Statute of limitations reference snapshot for Connecticut

4 min read

Published April 8, 2026 • By DocketMath Team

Rule or statute summary

Run this scenario in DocketMath using the Statute Of Limitations calculator.

Connecticut’s general statute of limitations (SOL) for many civil claims is 3 years. In DocketMath terms, this is the default period: the calculator will use it when you do not select a claim-type-specific rule (because, for this snapshot, no claim-type-specific sub-rule was identified).

What this “default” means

If your situation doesn’t clearly fall into a special, claim-type-specific limitations window, Connecticut’s general rule applies—typically as a 3-year lookback measured from the relevant triggering/starting point used for SOL purposes. In many cases, courts discuss this as when the cause of action “accrues.”

Note: This snapshot intentionally covers only the general/default rule and does not assume a claim-specific SOL. Some claim types may be governed by a different statute with its own time period or special rules.

Common inputs the SOL calculator needs

To convert the 3-year rule into a practical “last day to file” date, DocketMath’s statute-of-limitations calculator generally depends on dates such as:

  • Trigger/incident date (the event tied to the dispute)
  • Accrual date (when the claim legally “starts” for SOL purposes, if you know it)
  • Filing date target (or using “today” to show time remaining)

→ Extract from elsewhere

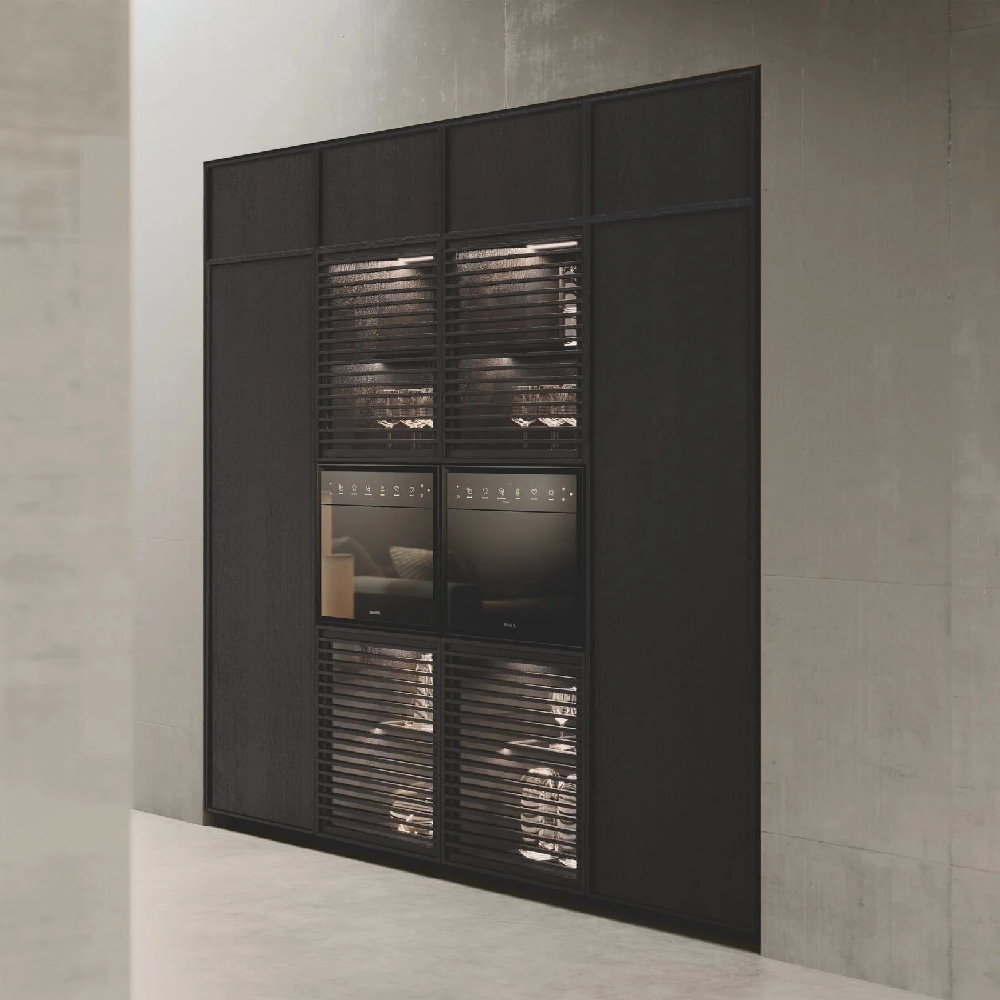 Detail of oven columns with Zen doors in lacquered matt open pore Nero Traffico and smoked glass, internal structure bilaminate wood Rovere Black. Technical side columns with Hily doors in lacquered matt open pore Nero Traffico.
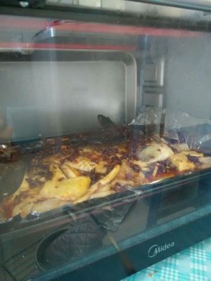 3.腌制后放入铺好锡纸的烤盘中,210度左右烤20分钟

If you enter a different trigger/accrual date, the computed deadline will shift accordingly—often by roughly whole years—because the period is set in years under the general rule.

How the deadline output changes

Use the tool as a timing reference. The most important practical idea is:

  • Earlier trigger/accrual date → earlier deadline
  • Later trigger/accrual date → later deadline

Because accrual timing can be fact-sensitive, the calculator cannot decide the legal accrual question for you. If you’re unsure which date best matches Connecticut’s accrual concepts for your specific claim, try multiple plausible dates and compare results.

Gentle caution: This is not legal advice. It’s a practical way to translate a general SOL period into dates so you can better evaluate timing and next steps.

Citations

Use these sources to confirm the authoritative text before finalizing the calculation.

If an assumption is uncertain, document it alongside the calculation so the result can be re-run later.

Sources and references

  • TODO: Confirm whether a given claim type in a specific fact pattern is governed by a separate, claim-specific SOL rather than the general/default rule in Conn. Gen. Stat. § 52-577a.
  • TODO: Review Connecticut case law on accrual/trigger timing for the relevant claim category before relying on any computed “last filing date.”

Use the calculator

Run the DocketMath SOL calculator to translate Connecticut’s 3-year default rule into a concrete deadline date.

Run the Statute Of Limitations calculation in DocketMath, then save the output so it can be audited later: Open the calculator.

Step-by-step

  1. Open the tool: /tools/statute-of-limitations
  2. Set Jurisdiction: Connecticut (US-CT).
  3. Use inputs that match what you know:
    • If you know the accrual date, enter it, or
    • If not, use the trigger/incident date as a proxy based on your facts.
  4. Verify the calculator is applying the default 3-year window tied to Conn. Gen. Stat. § 52-577a.
  5. Review the output:
    • Computed deadline (last day to file under the default rule)
    • Time remaining (if the tool calculates from “today”)

Input/output quick check (example logic)

If your accrual date is 2026-04-08, then under the general/default rule you’d expect a 3-year deadline—landing around 2029-04-08, subject to the calculator’s date-handling (for example, end-of-day and boundary rules).

If your dates are uncertain

Because accrual/trigger timing may vary by facts, you can run multiple scenarios:

  • Run #1 using the earlier candidate date → note the earlier deadline
  • Run #2 using the later candidate date → note the later deadline

Then decide which date is more consistent with how Connecticut treats accrual for your claim type.

Warning: This snapshot does not identify claim-type-specific SOLs. If your claim fits a different Connecticut limitations statute, the 3-year default in Conn. Gen. Stat. § 52-577a may not apply.